The Burch case raises a tell-all question in the professor’s mind. “Does traditional consent doctrine work anymore?” asked Findley. “Is it good enough anymore to allow a general consent to open the door so that law enforcement can look for everything about you on your cell phone. Or does the massive amount of data there mean that consent needs to be more specific, more clear cut or tailored when we’re talking about opening people up to that kind of invasive inspection about everything that’s personal and private about their lives.” Findley added, “that’s just something the court is going to have to deal with.”
The law has been outpaced by technological advancement, and the ambition of police to conduct and complete investigations. At the end of it all, we’re left to ask what, if anything, citizens can do to protect their privacy. Using Clancy’s detention and the Burch case as examples, Schuchart highlighted several key facts.
“Because the supervisor declined to allow the officer to search his phone,” said Schuchart, “there was obviously no probable cause that there was evidence that a crime had been committed on that phone. No search warrant was granted, so they couldn’t get into that phone. In Mr. Burch’s case, he consented.”

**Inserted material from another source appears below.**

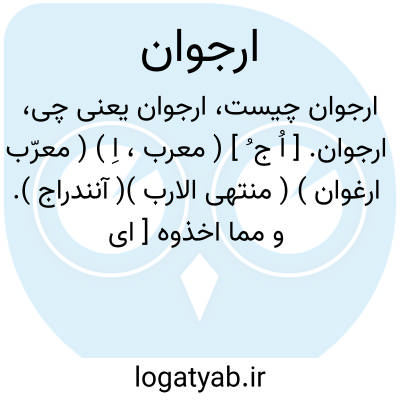 ارجوان. [ اُ ج ُ ] ( معرب، اِ ) ( معرّب ارغوان ) ( منتهی الارب )( آنندراج ). و مما اخذوه [ ای العرب ] من الفارسیة البهرمان و هو لون احمر و کذلک الارجوان و القرمز. ( ابن درید در جمهرة از سیوطی در المزهر ). سرخ. ( منتهی الارب ) ( مهذب الاسماء ). صُبغ سرخ. آتش گون. ( خلاص ). ارغوانی. سرخ روشن. || جامه های سُرخ. ( منتهی الارب ). || رنگی است سخت سرخ. || سرخی. || نشاسته. || درختی است که گل سرخ دارد. ( منتهی الارب ). ارغوان. ( مهذب الاسماء ). معرّب از ارغوان فارسی است. گرم مایل به اعتدال و مخرج اخلاط لزجه و جهت برودت معده و کلیه و تصفیه لون و طبیخ او مقیی و منقی آلات تنفس و معده و سوخته او حابس نزف الدّم و خضاب نیکو است و زنان از آن خطاط می سازند و ریشه بیخ او را چون بقدر دو درهم بجوشانند مقیی قوی است و مصلحش برگ عناب و نمام و بدلش صندل سرخ و نصف آن گلسرخ و دانه ارغوان در ادویه عین قایم مقام تشمیزج است. ( تحفه حکیم مؤمن ). ارجوان بهار درختی است که بپارسی آن را ارغوان گویند و آن بهار همچنان میخورند و طبیعت آن سرد و خشک و تر است و پوست بیخ آن اگر بجوشانند و آب آن بیاشامند قی تمام آورد و این مجربست و اگر چوب وی بسوزانند و بر ابرو مالند موی برویاند و سیاه و انبوه گرداند و اگر از بهار وی شرابی سازند منع خمار کند و نافع بود. ( اختیارات بدیعی ). و ضریر انطاکی در تذکره گوید: ارجوان معرب ارغوان است. در عربی هراحمری را ارجوان گویند و در فارسی نباتی است مخصوص،چوب آن سست و برگ وی سبط و سخت سرخ و حرّیف، غش آن با بقم کنند و فرق در رزانت و کمودت است و نیز با طقشون ( ؟ ) و اختلاف در رخاوت باشد، در اول گرم و معتدل است و مخرج اخلاط لزجه است و برودت معده و کلیه و کبدرا سود دارد و رنگ را صفا دهد. و طبیخ وی آلات تنفس و معده را با قی پاک کند و محروق آن نزف را حبس کندو خضابی نیکو است و غثیان آرد و مصلحش برگ عناب و نمّام و قدر شربتش تا چهار است ( ؟ ) و بدل آن صندل سرخ مثل آن و گل سرخ به اندازه نصف وی باشد - انتهی.

Schuchart added, “I think the general public doesn’t realize that police officers are allowed to lie to the citizens. They’re allowed to lie to your face to further whatever investigative purpose they’re trying to complete. So if the officer had been lying to the supervisor because really he wanted to get the videos of the other people who were present so they could make some sort of list, if the supervisor had consented, he would have been able to do that. He would’ve been able to extract all the information from the phone and look at the text messages, maybe between the supervisor and the other people that were there.”
Clancy was immune to Milwaukee’s curfew, but few were exempt in Wauwatosa. Press and ACLU legal observers were threatened with arrest during the first couple of days of that curfew, and protesters who fled in car caravans certainly weren’t exempt either. Regardless of what police feel they’re allowed to do in the moment, Schuchart stressed that never giving consent is one of the few protections available to the common marcher. Beyond the marches, the issue of cell data collection by local police raises deeper concerns.
“I think that as technology evolves,” the attorney reflected, “and as a society we continue to store more information on our cell phones, and for longer periods of time, I think the possibility of leaving a complete footprint of who you are and the entire privacy of your life on that device is absolutely possible. And as technology evolves, so will law enforcement tools. And they’ll be able to capture that information and have all that information against us. The government can do that and again, they don’t have to tell you the truth when they’re meeting with you. So they can come and get that information from you, and it may be completely unknown to you why they’re doing it.”